Now the proposal seemed good to Pharaoh and to all his servants. Then Pharaoh said to his servants, “Can we find a man like this, in whom is divine spirit?” So Pharaoh said to Joseph, “Since God has informed you of all this, there is no one so discerning and wise as you are.”

Joseph interprets Pharaoh’s dreams foretelling the seven years of devastating famine that will hit Egypt following the seven years of plentiful harvests about to begin. He also gives him specific instructions of how to deal with it. It appears from the passage that many, perhaps all, of Pharaoh’s servants were present when Joseph was sharing the interpretation.

Interesting how there seems to be no recorded reaction of the Pharaoh to the dream itself. No “woe is us” or “why is this happening?” I was reading a review yesterday of a book by Joshua Cooper Ramo, entitled The Age of the Unthinkable: Why the New World Disorder Constantly Surprises Us and What We Can Do About It (Little, Brown and Company, 2009). In the book, Ramo says “today’s ideal political candidates (and thus potential leaders) need the essential skill of crisis management” and “we need to become resilient,” because “much of what we face can’t be deterred, prevented or even predicted.” It seems this Pharaoh was way ahead of his time – he was exhibiting those abilities thousands of years ago. The text simply says, “The proposal seemed good to Pharaoh”.

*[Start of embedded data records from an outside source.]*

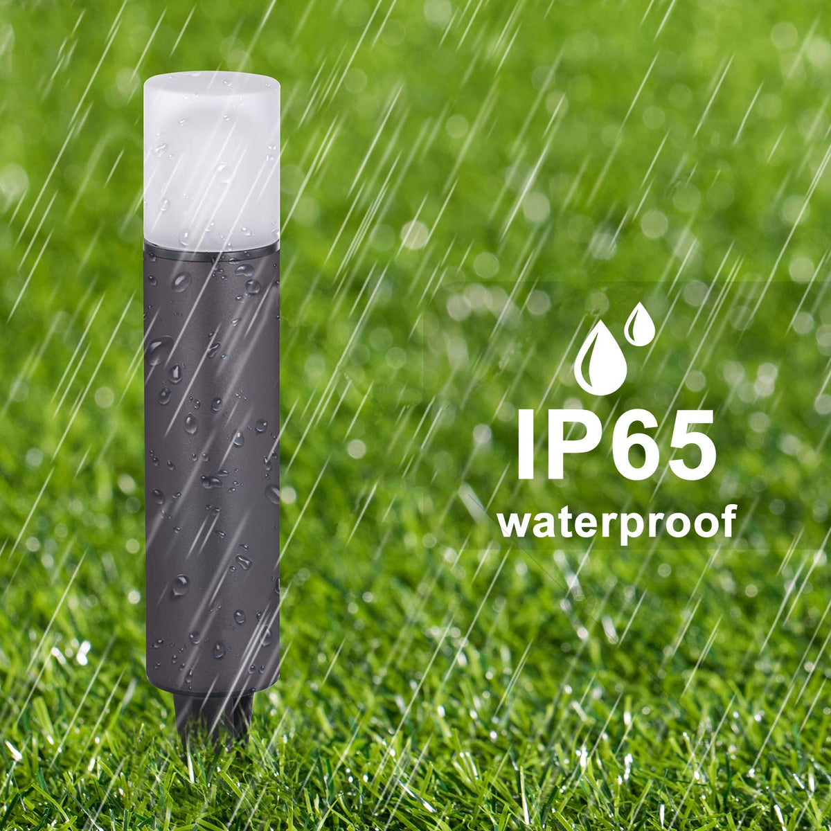 Q: What is the waterproof rating of these outdoor lights?A: These lights have a waterproof rating of IP65, making them suitable for all weather conditions and resistant to water pressure from irrigation and downpours.
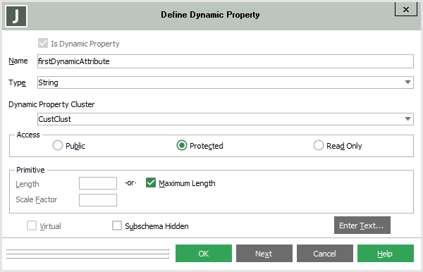 The Define Dynamic Property dialog, shown in the following example, is then displayed.
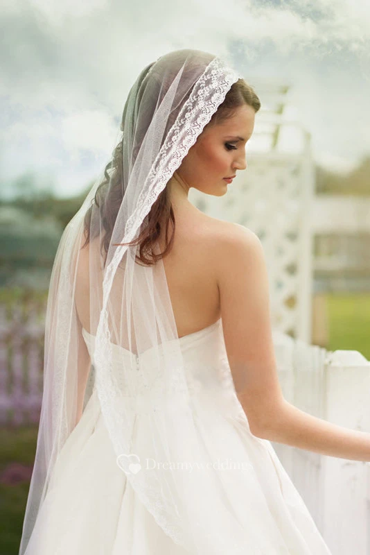 Retro Bohemian Soft Tulle Bridal Veil with Lace Applique
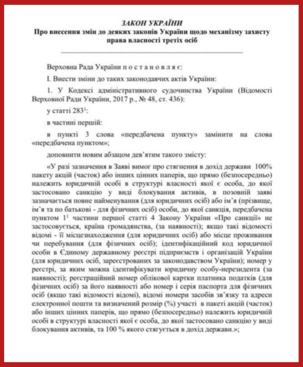 Суть схемы: устанавливается механизм конфискации предприятий, если в составе собственников есть лицо, к которому СНБО применил экономические санкции.
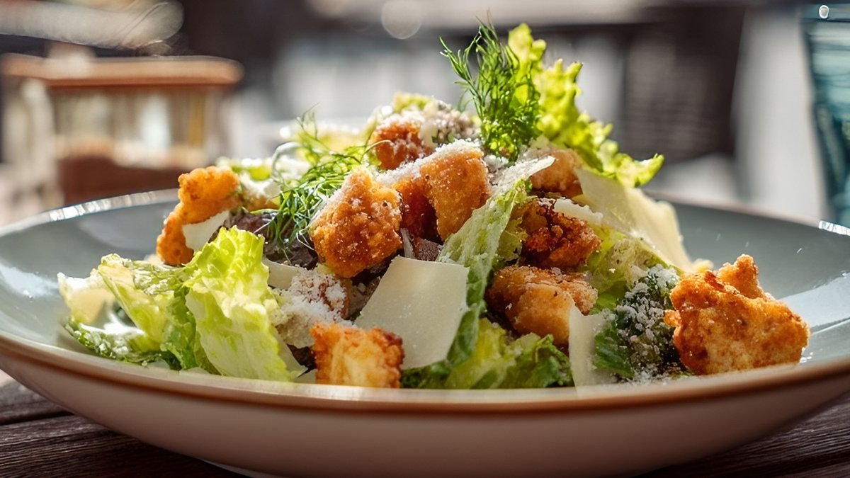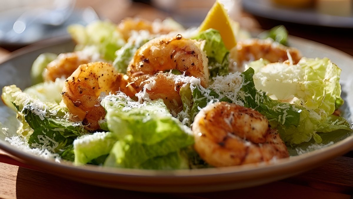 Салат айсберг, креветки, помидоры черри и крутоны под классическим соусом «Цезарь», щедро посыпанные пармезаном.
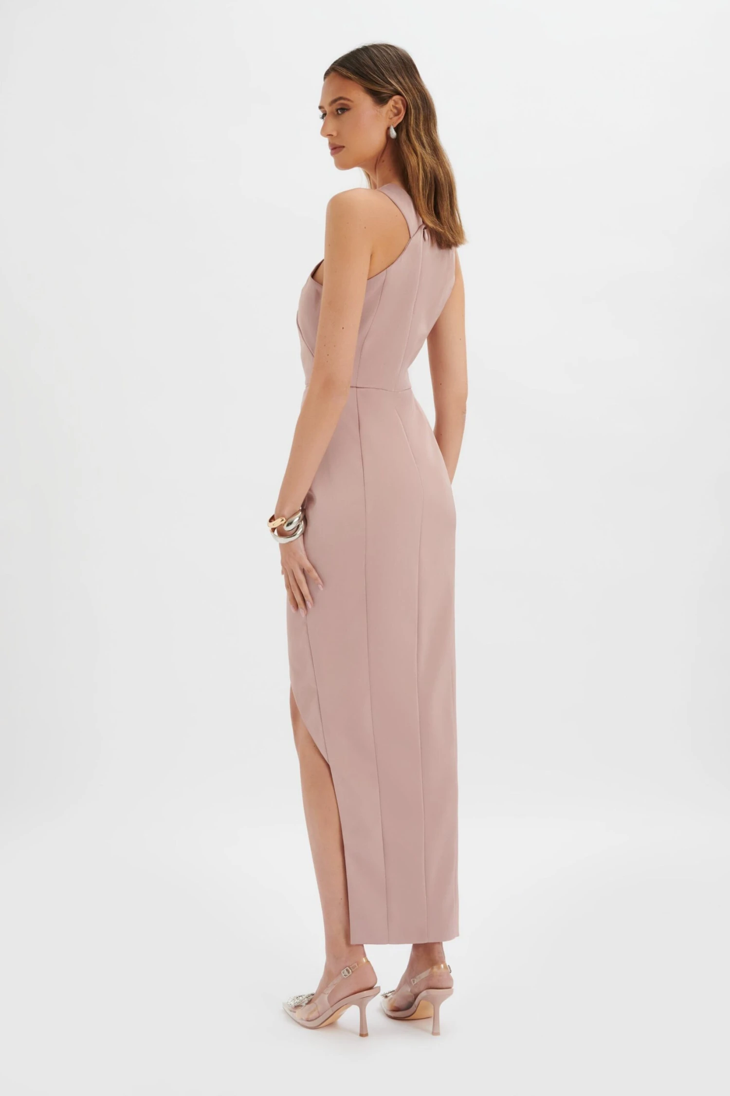Designed to make you feel elegant and gorgeous on the big day, the MADELINE gown is expertly cut from the prettiest dusty purple satin. The cross front detailing gives the illusion of a smaller silhouette and delicate pleats enhance your waist. Pair with barely there accessories for an opulent finish.
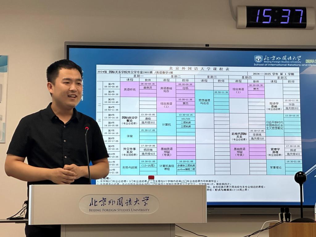 2024年9月11日,pg娱乐电子游戏官网入口在逸夫楼303教室与305教室为2024级本科生、研究生开展新生导学活动。pg娱乐电子游戏官网入口副院长杨毅、政治学系主任释启鹏、外交学系主任宋亦明、本科教学秘书张婷、学院教务办公室乔旭、辅导员褚静璇等出席此次导学活动。
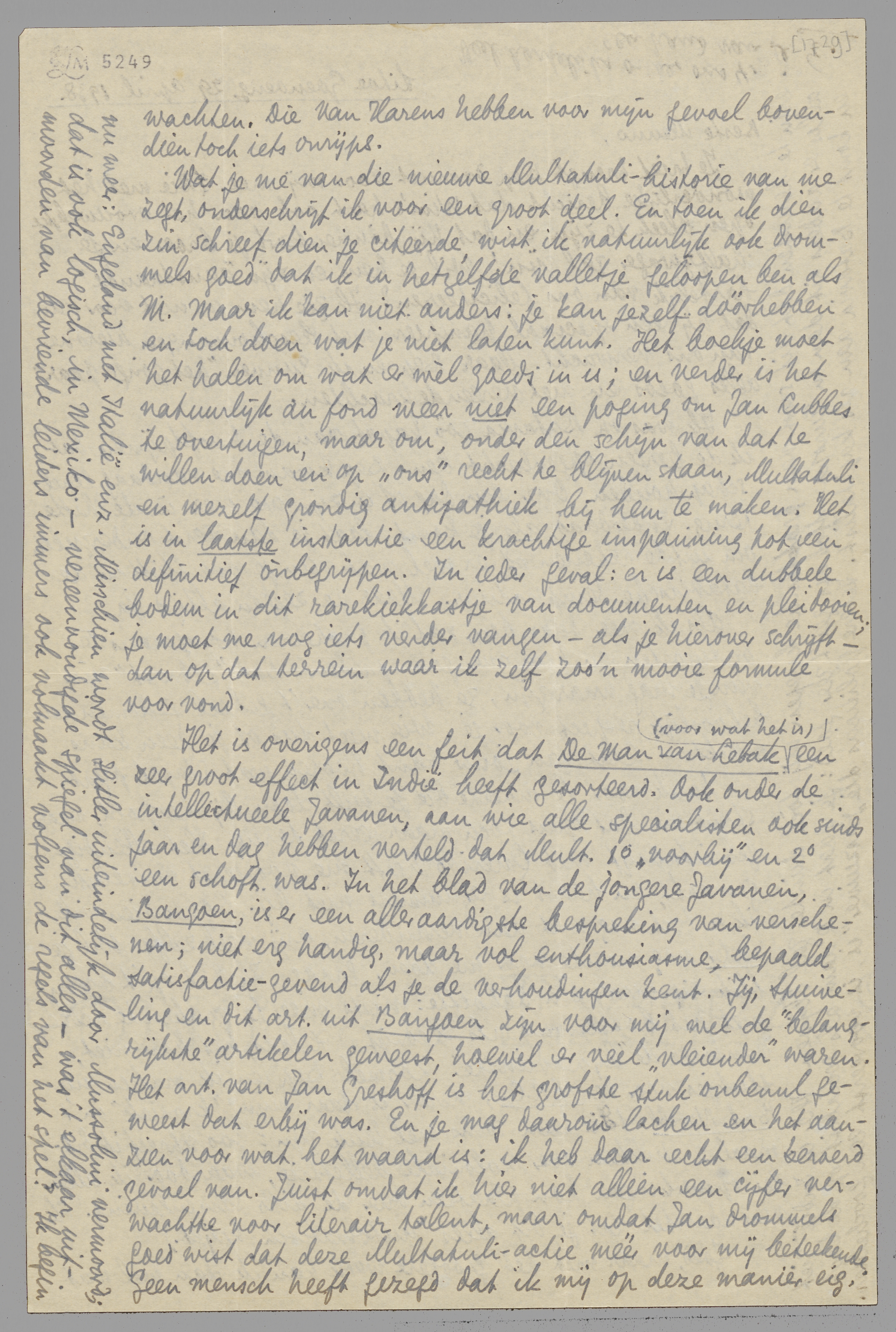 Het is overigens een feit dat De Man van Lebak (voor wat het is) een zeer groot effect in Indië heeft gesorteerd. Ook onder de intellectueele Javanen, aan wie alle specialisten ook sinds jaar en dag hebben verteld dat Mult. 1o ‘voorbij’ en 2o een schoft was. In het blad van de jongere Javanen, Bangoen, is er een alleraardigste bespreking van verschenen; niet erg handig, maar vol enthousiasme, bepaald satisfactie-gevend als je de verhoudingen kent. Jij, Stuiveling en dit art. uit Bangoen zijn voor mij wel de ‘belangrijkste’ artikelen geweest, hoewel er veel ‘vleiender’ waren. Het art. van Jan Greshoff is het grofste stuk onbenul geweest dat erbij was. En je mag daarom lachen en het aanzien voor wat het waard is: ik heb daar echt een beroerd gevoel van. Juist omdat ik hier niet alleen een cijfer verwachtte voor literair talent, maar omdat Jan drommels goed wist dat deze Multatuli-actie méér voor mij beteekende. Geen mensch heeft gezegd dat ik mij op deze manier eig. belachelijk maakte; het is om van te schrikken, maar niemand heeft dat (toch zoo voor de hand liggende) Lubbes-argument gebruikt. Behalve Jan.
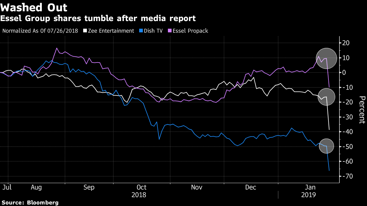 Shares of India’s biggest television network and group company Dish TV India Ltd. plunged more than 25 per cent in the last two hours of trading after news website The Wire published a report alleging that companies linked to Chandra were involved in fraud and money laundering. The group released statements on Friday and Sunday denying the allegation.

In what appears to be a cool, calm, and collected state of mind after hearing Joseph out, he simply turns to all his servants and asks, “Can we find a man like this?” Pharaoh as leader of his people knew he had to take action. It did not take him long to conclude that what Joseph had presented as a possible course for him to follow was indeed the best one. It is possible he arrived at that because he had earlier discerned Joseph’s Source of wisdom. The young Hebrew had told him that it is God that interprets dreams (chap. 41, vs. 16) and it is God that would give him an answer, it was God that was telling him what He was going to do Egypt (vs. 25) and finally it was God that was showing Pharaoh what to do about it (vs. 28). In fact, in verse 39, Pharaoh so much as says, “Since God has informed you of all this . . .” Clearly, we have here an indication of Pharaoh’s intelligence in recognizing God’s sovereignty in the matter of his dream and how to deal with it.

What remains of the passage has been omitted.